If you’re an individual releasing some data scraped from a company’s website for research purposes, they are likely to have more at stake and more resources than you. For a small project you’re not likely to get a Pro Bono lawyer and would have to pay the legal costs yourself. If they decide to pursue legal action the time and cost would not be worth it for you, and it would likely be wise to take down the material if asked to do so.

If the data is user submitted content (for example a Reddit Dataset) the actual owner of copyright will typically be the users. This means, depending on the terms of the publishing site, they may not own the copyright and may not be able to legally pursue you because of it. But I don’t know whether that’s true, and the only way to find out is to pay some legal professionals for advice, and maybe even resolve it in court.

So the pragmatic answer to can I publish this is, will the source of the data be interested in legally pursuing you over it? If you’re putting their business model at risk the answer is almost certainly yes.

Ease of Access

I suspect the argument that the data is difficult to consume wouldn’t hold up in court. The difficulty to access a resource doesn’t seem to have any bearing on whether you have the right to republish that information. Besides it not as difficult as they make it sound in the article; a software engineer could make it easy with some straightforward work.

However because it’s not aimed at human consumption it doesn’t touch the business model for many websites; attention and advertising revenue. This means they have little reason to pursue legal action; many website owners are probably not even aware their data is in Common Crawl.

If a published dataset has low visibility and low impact on the business then in practice it may be harmless to publish.

Ideally you would contact the websites you are sourcing the data from directly and ask them the right to publish the data. But in general unless there is a large benefit to them they are likely to decline your request and potentially order you to remove the material.

Fair Use

The most interesting part of the argument for Common Crawl is that they just have a small sample of web pages from each domain. This resonates with the idea of Fair Use where reproducing a small number of pages from a book is reasonable (which is how Google Books exists).

This won’t be true for a lot of data analysis crawls. Typically you want structured data, which requires targeting a few websites in depth.

In any case you would need lawyers to resolve whether it is fair use, but if you’re only taking a small sample of the site it’s more likely to be viewed that way.

Ethics

A separate question to “can I share this dataset” is “should I share this dataset”? I would say that if it is from a publicly available datasource and won’t lead to significant harms then it is a reasonable thing to do.
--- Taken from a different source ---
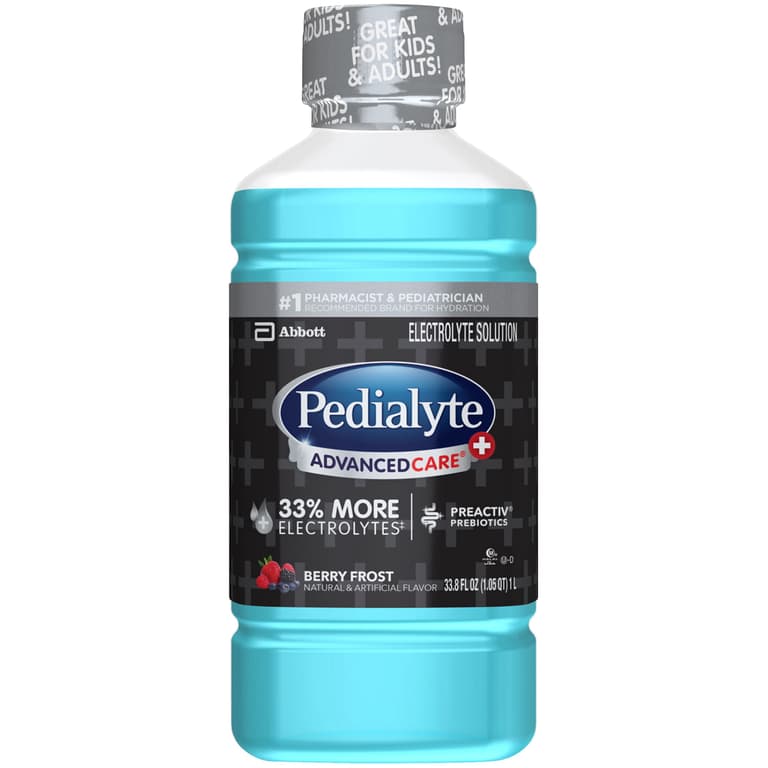 Pedialyte AdvancedCare Plus is formulated to replenish more of the electrolytes you may lose due to vomiting, diarrhea, or extreme perspiration caused by excessive heat or prolonged exercise. Pedialyte AdvancedCare Plus also has PreActiv Prebiotics to help promote a healthy digestive system.Specifications

I consider data published on the open web (that is not behind a paywall or login) to be freely available. This doesn’t mean you can claim the content is your own and modify it. But it seems strange to say you can’t keep a copy of that web page and share it, since it was at one time made available to everyone.
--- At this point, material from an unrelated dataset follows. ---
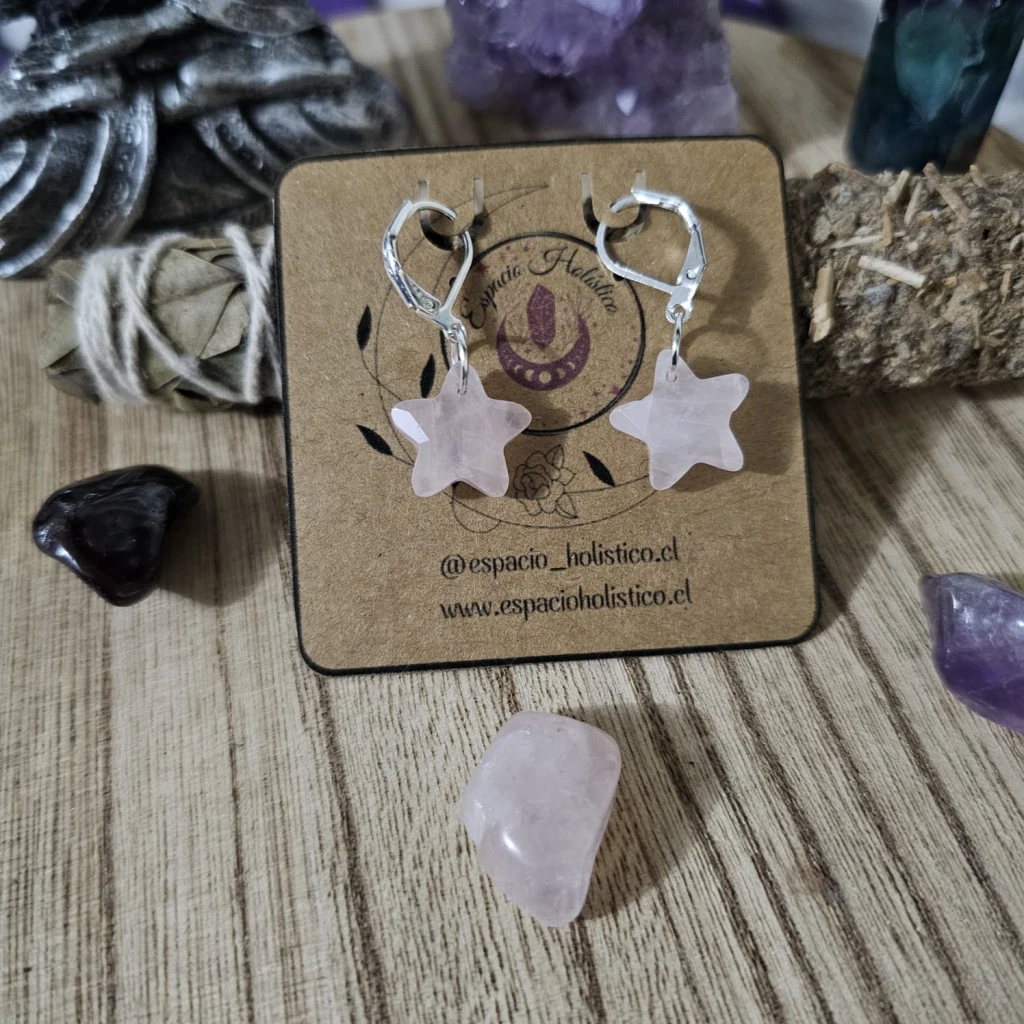 Aros Protectores Ritualizados de Cuarzo Rosa en Forma de Estrella con Gancho Baño de Plata 925

Of course you don’t want to do any harm because of it.

Public Transport Victoria publicly released data that can be used to identify individual commuters personal information. Even though this was a public release I would carefully consider republishing it because it could do harm to individuals, and is likely to bring marginal benefits. The NSW Opal Dataset, while less interesting as it is in aggregate, is still useful while likely to do minimal harm. It would be great to see this sort of data released when it is unlikely to do harm, say in 50 years.

Similarly if I extracted a large amount of information I wouldn’t want to release email address as a column. Even if emails were in the original data, having done the work of extracting them it makes for an easy target for spammers. It seems unlikely there’s much benefit for publishing email addresses, so better to redact them.

These decisions are rarely clear cut; but even if it is legal it is worth considering whether republishing data will bring any harm.